Solving Shifted Infinite Well: A&B Coefficients

[E92M3]

I can solve the infinite will with length a. But what happens when the coordination is shifted, namely:
V(x)=0,\frac{ -a}{4}<x<\frac{3a}{4}

I use the usual solution:
\psi=Asin(kx)+Bcos(kx)
Now when I apply the first boundary condition:
\psi(\frac{ -a}{4})=\psi(\frac{3a}{4})=0
I can't get rid of one of the terms (namely the B=0 like when the well was defined from 0 to a).
I know that A will be the same as if the well was defined from 0 to a and I can get k by applying the other boundary condition, but I can't do anything if I can't get rid of the cos term.

 

[Avodyne]

If psi(x) is a solution to the Schrodinger equation with potential V(x), then psi(x-b) is a solution to the Schrodinger equation with potential V(x-b). So all you need to do is shift the solution you have by the correct amount.

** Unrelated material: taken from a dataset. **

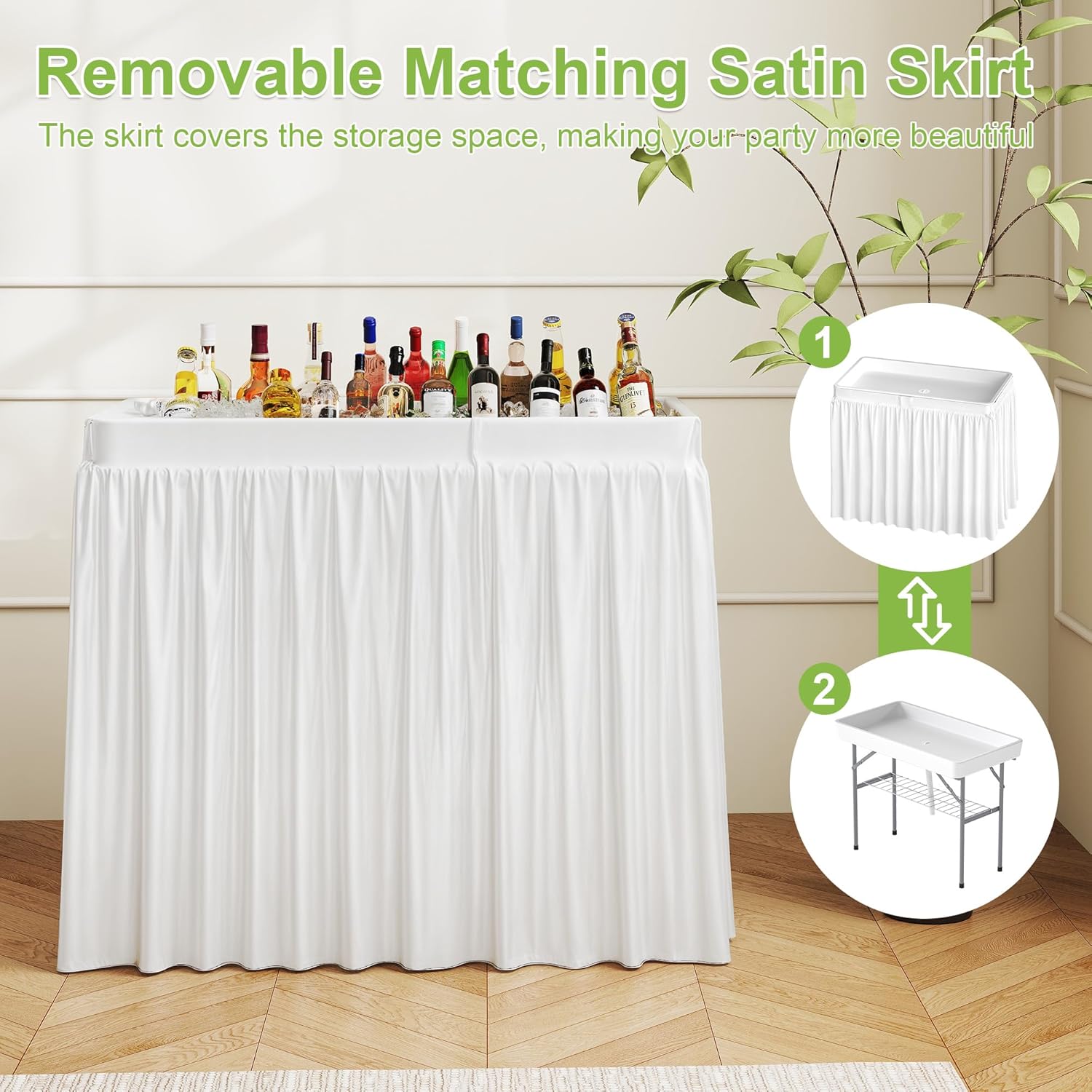 4 Foot Ice Cooler Table with Matching Skirt & Drain Hose, with Iron Stand, Portable Patio Outdoor Chilling Table Portable Bar for Events for Party, Picnic, BBQ, Camping (White)
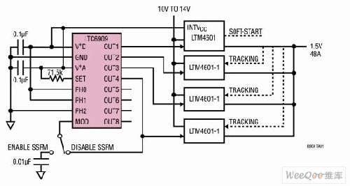 硅振蕩器為多相、擴(kuò)頻開(kāi)關(guān)穩(wěn)壓器時(shí)鐘提供了一個(gè)理想的平臺(tái)。除了具有一個(gè)板上時(shí)鐘發(fā)生器之外,這些固態(tài)器件還能將擴(kuò)頻調(diào)制與多相輸出組合起來(lái)。考慮到這一點(diǎn),凌力爾特公司開(kāi)發(fā)出了LTC6909(圖1),這是一款具有8個(gè)單獨(dú)多相輸出的精準(zhǔn)擴(kuò)頻硅振蕩器。單個(gè)電阻器負(fù)責(zé)在12.5kHz至 6.67MHz的范圍內(nèi)選擇輸出頻率。三個(gè)邏輯輸入用于設(shè)定輸出相位關(guān)系(范圍從45°至120°),從而允許LTC6909為多達(dá)8個(gè)相位提供同步。可以啟用一種偽隨機(jī)擴(kuò)頻調(diào)頻,頻率擴(kuò)展量在中心頻率的±10%。用戶可選擇3種調(diào)制速率之一,以確保調(diào)制速率不超過(guò)穩(wěn)壓器的帶寬。此外,LTC6909還具有一個(gè)創(chuàng)新的濾波器,該濾波器負(fù)責(zé)跟蹤SSFM調(diào)制速率并在頻率轉(zhuǎn)換之間提供平滑處理。

You can also do it your way. Use psi(-a/4)=0 to solve for B in terms of A. Plug this into psi(3a/4)=0; every term will have an A in it, so cancel out A, since you know it isn't zero. Now you have an equation whose only unknown is k. You should be able to show that the solutions are k = pi n/a, where n=1,2,3,...

 

[E92M3]

This is not working too well either.
Solving for B:
\psi(\frac{-a}{4})=Asin(k\frac{-a}{4})+Bcos(k\frac{-a}{4})=0
B=\frac{-Asin(k\frac{-a}{4})}{cos(k\frac{-a}{4})}=\frac{Asin(k\frac{a}{4})}{cos(k\frac{a}{4})}
Then:
\psi(\frac{3a}{4})=Asin(k\frac{3a}{4})+\frac{Asin(k\frac{a}{4})}{cos(k\frac{a}{4})}cos(k\frac{3a}{4})=0
\frac{sin(\frac{3ak}{4})}{cos(\frac{3ak}{4})}+\frac{sin(\frac{ak}{4})}{cos(\frac{ak}{4})}=0
\frac{sin(\frac{3ak}{4})cos(\frac{ak}{4})+cos(\frac{3ak}{4})sin(\frac{ak}{4})}{cos(\frac{3ak}{4})cos(\frac{ak}{4})}=0
sin(\frac{3ak}{4})cos(\frac{ak}{4})+cos(\frac{3ak}{4})sin(\frac{ak}{4})=0
sin(\frac{3ak}{4}+\frac{ak}{4})=sin(ak)=0
Then I indeed recover:
k=\frac{n\pi}{a}
Plugging it back in:
\psi(x)=Asin(\frac{n\pi}{a}x)+Bcos(\frac{n\pi}{a}x)
This is not what I expected and I am quite sure that it is wrong since if I plug in the limits, psi is non-zero at the end points.Further more, this should be just the same as the infinite well with length a shifted over. So shouldn't the solution be the same but with a phase constant added? Namely:
\psi=Asin(\frac{n\pi}{a}x)\rightarrow\psi=Asin(\frac{n\pi}{a}(x+\frac{a}{4}))
I think that this is the answer, but that's kind of cheating since it is reverse engineered from another infinite well. I can't figure out why I can't do it top down.